Theres a guy in one of my parties running Ranger > Shadow Dancer. He has something like +30 to stealth checks at level 14 with magic items. That plus the shadow they get is amazing for scouting as it can float through walls and generally go unseen. Add on top of that their Shadow Jump class ability and they can get in and out of almost anywhere, along with jumping out of a wizards shadow and cutting them in two is always fun.
Probably the best scout in the game is going to be an inquisitor. They have climb, disguise, perception, sense motive, stealth, survival, and swim as class skills. Disguise and sense motive can be useful for scouting in urban environment.
They also have detect magic, guidance and sift as 0 level spells which means they can cast them all day long. Being able to tell when something is magic and to search at range are huge advantages.
With spells like expeditious retreat, hide from undead, detect thoughts, invisibility and nondetection just to name a few they have a major advantage over most other classes. Throw in cunning initiative, the ability to detect any alignment , and tracking equal or better than a ranger and not many classes can come anywhere close.
They also are proficient in almost all bows and crossbows. They have 6 skill points per level and add half their level to 3 skills. They also get their wisdom as an additional bonus to identify monsters and with a feat can gain an extra bonus equal to half their class level.
So the inquisitor is a skill monkey with full spell caster level with a lot of useful spells. What more do you need for a scout.
Gonna have to agree with AD on this one - who needs a high stealth when it's assumed that you're supposed to be there? "Oh, I think that nondescript bird saw us!".... "I think that bush is on to us!"
Okay, after reading other posts, this can be broken down in lots of different ways. Shape changing/disguise works, flying invisibly works, divination works, being able to get to places others can't works, using uber powered skills works. Imagination and your DM are going to have a lot to do with what works or not in your game.
Urban druid scouting...
So in one session my druid wildshaped into a dog to do some scouting inside the town. The GM decided the local dogs would come after her.
A couple dice rolls later, my druid had a pack of dogs working for her.
Cat forms are also great for scouting inside human areas. But pigeons....
Adamantine Dragon wrote:
Hard to beat a druid...
While druids make decent scouts in natural surroundings they don't work quite so well in an urban environment. Yes they can stay outside but if you need to go inside a building then they will stick out more.
Also while they have the ability to blend in their ability to gather information is not as good. As I pointed out an inquisitor can use detect magic, detect chaos, evil, good and law as often as they need. A detect magic can locate a druid even in wild shape.
Detect thoughts can allow an inquisitor to get information from the opponents from 60' away. Nondetection allows you protection vs. detection spells.

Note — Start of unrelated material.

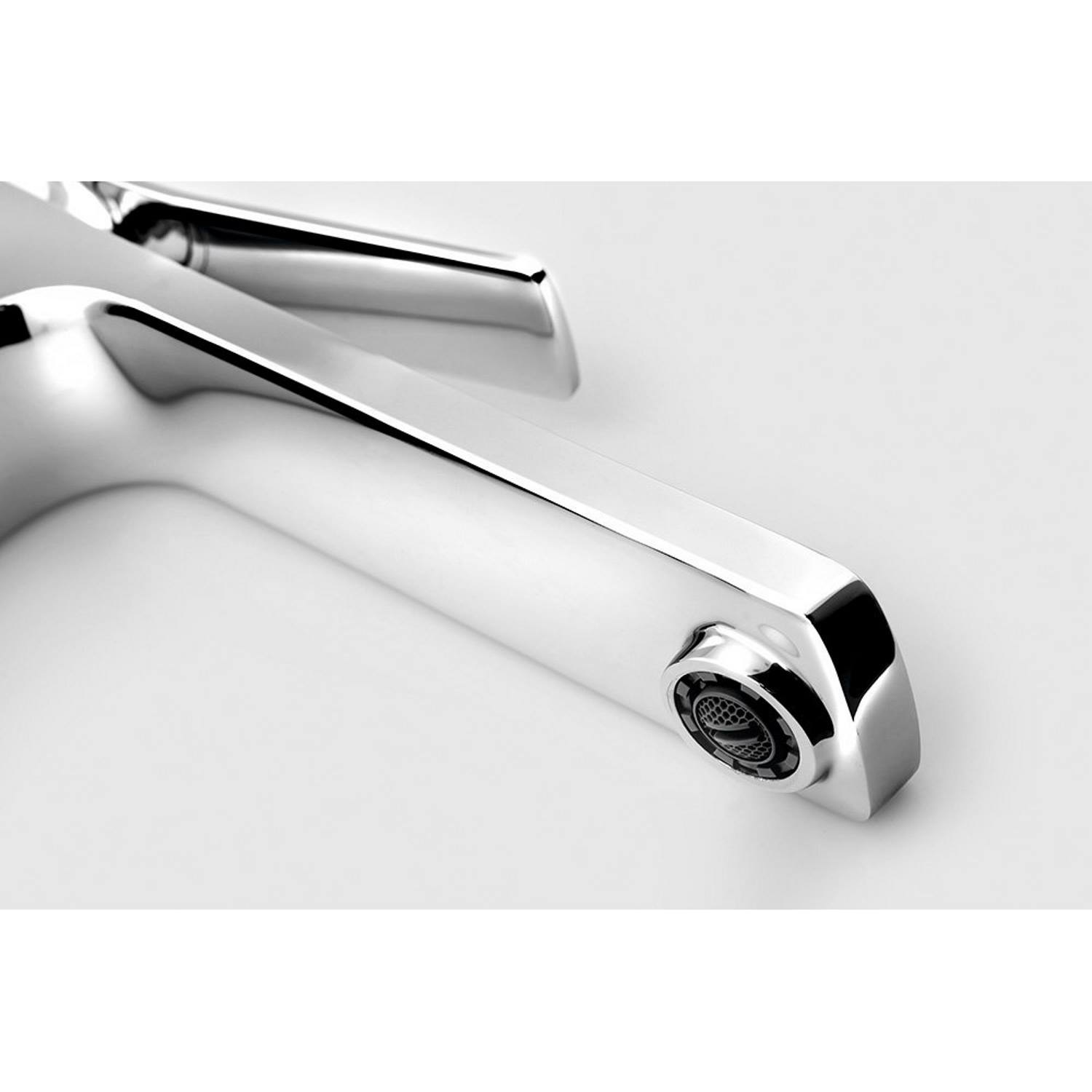 De Jumper wastafelmengkraan van het merk Sapho is geschikt voor elke moderne badkamer. Bij deze kraan bedien je de hendel om zo het warme en koude leidingwater te mengen. Het mengen doe je dus handmatig waardoor je zelf de temperatuur van het water kan aanpassen. Naar links of rechts draaien geeft dan warmer of kouder water, en door de hendel de andere kant op te bedienen om de kraan harder en zachter zetten. De kraan heeft de uitloop hoogte van 10.8 cm en een lengte van 13.8 cm.

Speak with dead give you a chance to get information from a the dead body of the previous group that always seems to be in every adventure.

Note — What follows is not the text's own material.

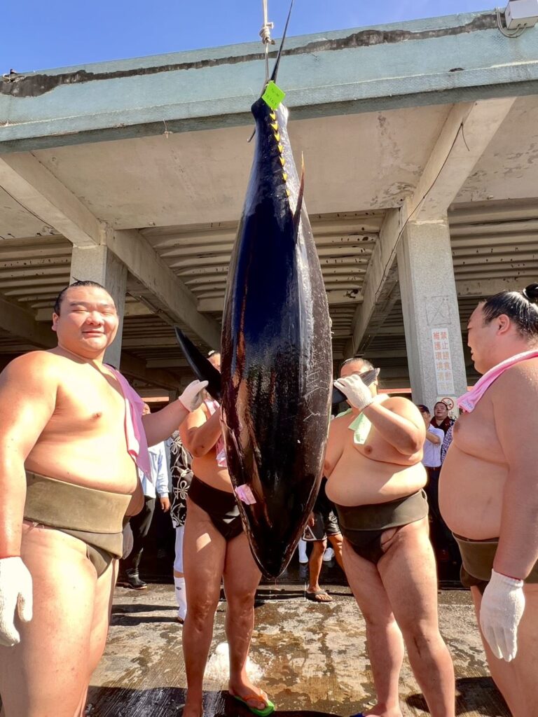 適逢屏東黑鮪魚文化觀光季,東港魚市場今(9)日迎來一群重量級貴賓─來自日本的錣山部屋力士們,在屏東縣政府邀請下,一起挑戰「扛起黑鮪魚試煉」,壯碩的力士們奮力嘗試將大尾黑鮪魚扛起,然而黑鮪魚體型龐大、油脂豐富滑如抹油,沒有扛魚經驗的他們根本難以掌握,讓力士們驚呼連連,直呼:「完全顛覆對魚的想像!」,為早晨魚市帶來熱鬧氣氛。
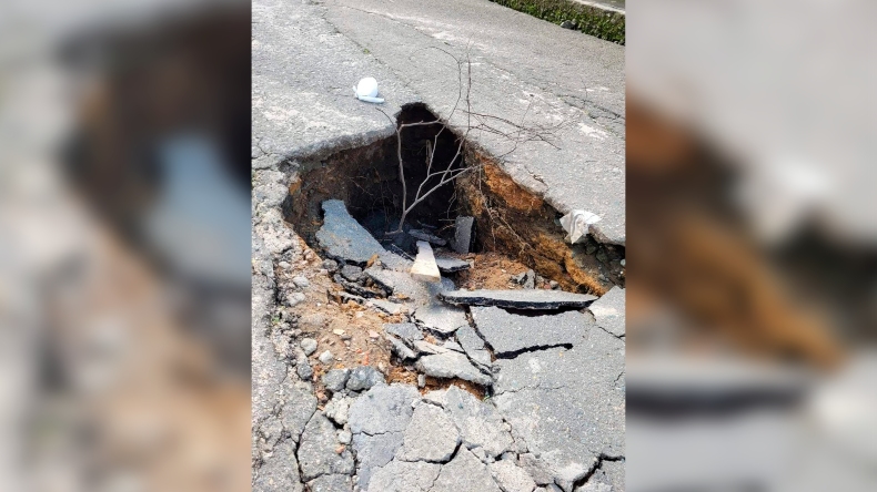 Habitantes de Rincón de Piedra Pintada en Ibagué denuncian peligroso ‘cráter’ en una de sus vías

Mysterious Stranger wrote:
Anything an invisible inquisitor can do, an invisible sparrow can do better.
By pure mechanics, the monk is probably your best bet. The two primary skills for a scout are Stealth and Perception, which plays right into a monk's primary attributes: Dexterity and Wisdom. Rangers also tend to score high marks in these stats (especially archers) but often favor DEX over WIS.

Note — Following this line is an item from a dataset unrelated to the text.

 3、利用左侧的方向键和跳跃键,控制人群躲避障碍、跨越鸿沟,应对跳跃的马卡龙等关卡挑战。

Halflings and gnomes both get a size bonus to Stealth and a racial bonus to Perception, but Halflings have a DEX bonus built-in so that gives them a slight edge from a pure optimization standpoint, especially combined with the "Swift as Shadows" alternative racial trait from the ARG that greatly reduces the penalty for swift movement in stealth.
So, from a purely mechanical standpoint, at a glance it looks like Halfling monks would be ideal scouts (not counting non-core races and other weirdness).
Monks, especially ones that are already high WIS builds (say a Zen Archer) can make exceptional scouts - not least because their fast movement combined with Ki pool for further movement can give them enough speed to outrun nearly anything pursuing them.
Though a higher level Druid with wildshape from very very small to huge has a flexibility to go nearly anywhere (yes even in urban environments if you are clever - lots of birds, cats, dogs, badgers, horses, camels etc in urban environments).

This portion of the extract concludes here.